(WHAT YOU WILL DO) Print exactly the lines that run from the opening line of the material through the line with "Για Galaxy A10S", and nothing else, leaving out pictures.

(DATASET SECTION)
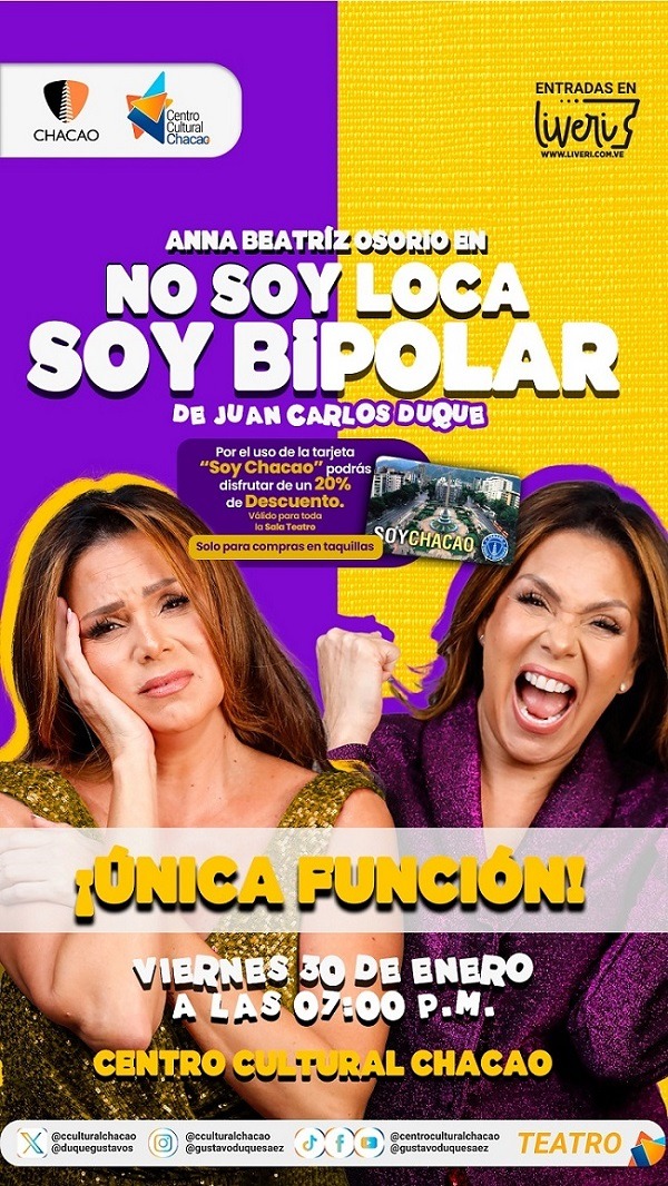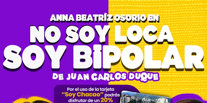 Regresa a petición del público: “No Soy Loca Soy Bipolar” escrita y dirigida por Juan Carlos Duque y protagonizada por la actriz venezolana Anna Beatriz Osorio.
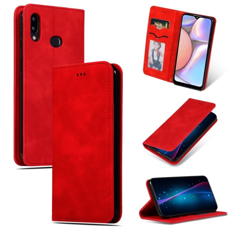 Για Galaxy A10S Retro δέρμα αίσθηση Business μαγνητική οριζόντια Flip δερμάτινη θήκη (κόκκινο)
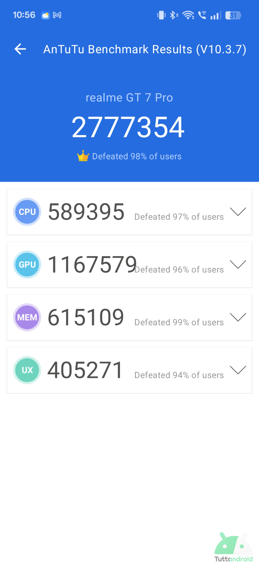 Come va? Nell’utilizzo di ogni giorno lo Snapdragon 8 Elite si fa apprezzare più che altro per il risparmio energetico, consuma niente in IDLE, consuma pochissimo a basso carico, consuma poco a medio carico. Non che le performance siano deludenti, ma che Realme GT 7 Pro sia un fulmine lo davamo quasi per scontato, d’altra parte era così anche per i top di gamma della scorsa generazione con il Gen 3.

(PROBLEM SOLUTION)
 Regresa a petición del público: “No Soy Loca Soy Bipolar” escrita y dirigida por Juan Carlos Duque y protagonizada por la actriz venezolana Anna Beatriz Osorio.
 Για Galaxy A10S Retro δέρμα αίσθηση Business μαγνητική οριζόντια Flip δερμάτινη θήκη (κόκκινο)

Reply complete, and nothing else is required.